I don’t agree with this.
I have hunted all of my life and have always been considered a good shot.
I started benchrest shooting 1+ years ago. It is totally different. There is a learning curve involved in figuring out how to get the most accuracy out of a gun while shooting from a bench.
All benches are not equal. Bag set up is critical. Rest setup is critical. Consistent gun handling technique is critical.
After you get those things figured out, you still have to learn how to load top benchrest quality loads. Easy? For an elite few maybe. For most it seems this is easier said than done. Get that figured out and your move to the next hurdle.
You then have to figure out how to tune the load-for the gun on that day. Right bullet for right gun with right powder etc...
You are ready now to shoot the potential out of your gun. NOT!
There is this little thing that you can not see as you sit at your perfect bench with your perfect setup-WIND.
I guess you see my perspective about this, don’t you Alice.
Welcome to the trip down the rabbit hole.
Good comment. I was not speaking about competitive BR shooting, and I am on my sixth active season of LR/BR (2005-2007 and 2018 to present). The OPs question looked to be more about shooting his rifles well off the bench, not BR competition. My statement is correct under those circumstances. It does not take a refined BR shooter's skills to shoot even very accurate hunting rifles and target rifles with non-BR level accuracy requirements to their potential off the bench.

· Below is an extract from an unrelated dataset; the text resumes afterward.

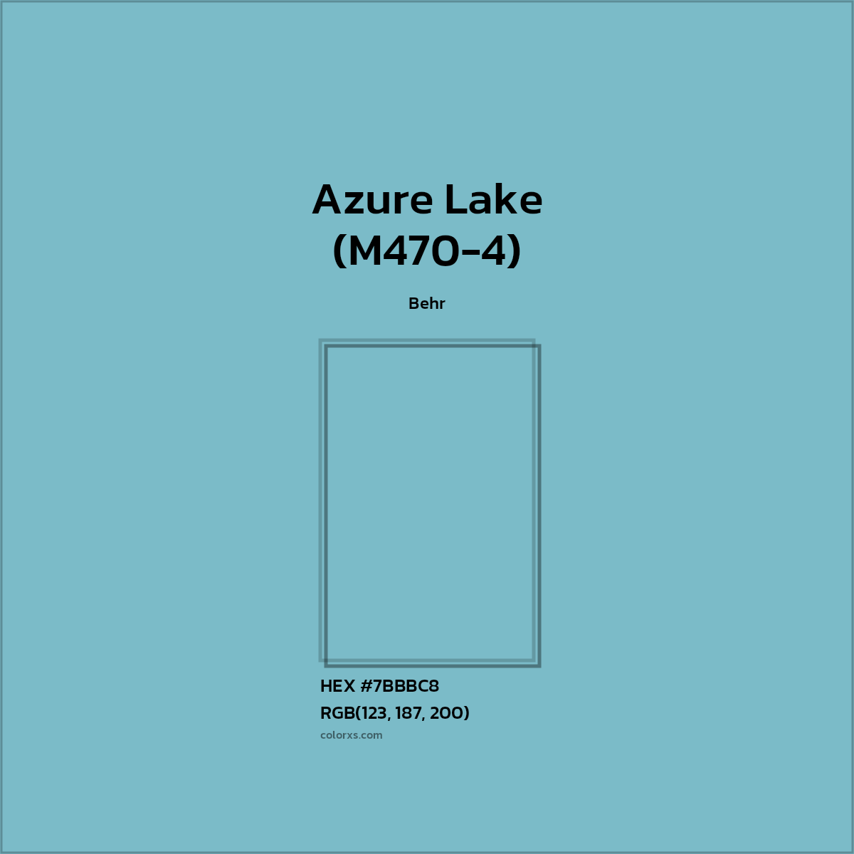 Azure Lake (M470-4) color belongs to the Blue color family (hue). The hexadecimal color code(color number) for Azure Lake (M470-4) is #7BBBC8, and the RGB color code is RGB(123, 187, 200).

Like you I hunted and reloaded for years before I jumped into BR. That is where I learned how well rifles of various kinds would shoot. I became anal about accuracy in a hunting rifle. I would work to find the most accurate
hunting bullet and load. Shooting with a protector rear sandbag and a Hoppes front rest I got several heavier barreled hunting rifles, factory and custom, to shoot 1/2 to 5/8 MOA at 100-200 yds. Rifles with sporter weight barrels were 5/8 - 3/4 MOA. These were not benchrest prepped loads. All I did was weight sort the cases and bump the shoulder .002" when sizing.
In the years since I first started LR BR I have worked up many big game rifles, from .270 to 450 NE. I don't shoot them any better now than I did 20+ years ago even when I use more of my good BR loading and shooting techniques. As long as the rifle is stable on the rest when you smoothly squeeze the trigger, and you are consistent with sight alignment, you will shoot most rifles as well as they are capable of being shot off a bench. I have showed others how to do this.
In just one range session I had my very inexperienced son-in-law shooting his 375 H&H into one-MOA groups. This was the first time he had ever shot anything larger than a .270. That was as good as that rifle would shoot that load--I know because I worked up that load. All it took was showing him how to get comfortable and stable on a reasonable (but not high end) rest set-up. Others I know have taken people who have never shot LR BR, put them behind a well-tuned load, and had the newby shoot the rifle very competitively.
Now if we are going to talk about what it takes to be competitive at BR, whether long range or short range (which are entirely different), we are talking about learning a sport. That is very different than the gist of the original question, which was the OP wondering if he was just a bad shooter or he had bad rifles.
Since he has now shown the group sizes it appears he is really asking a different question, which seems to be "how do I get my non-BR rifles to shoot short range BR groups." My answer to that is it is very tough, as even a well-tuned LR BR rifle that can shoot under 1" at 600 and under 3" at 1000 won't keep up with a short range BR rifle, micro-tuned on match day, at short range.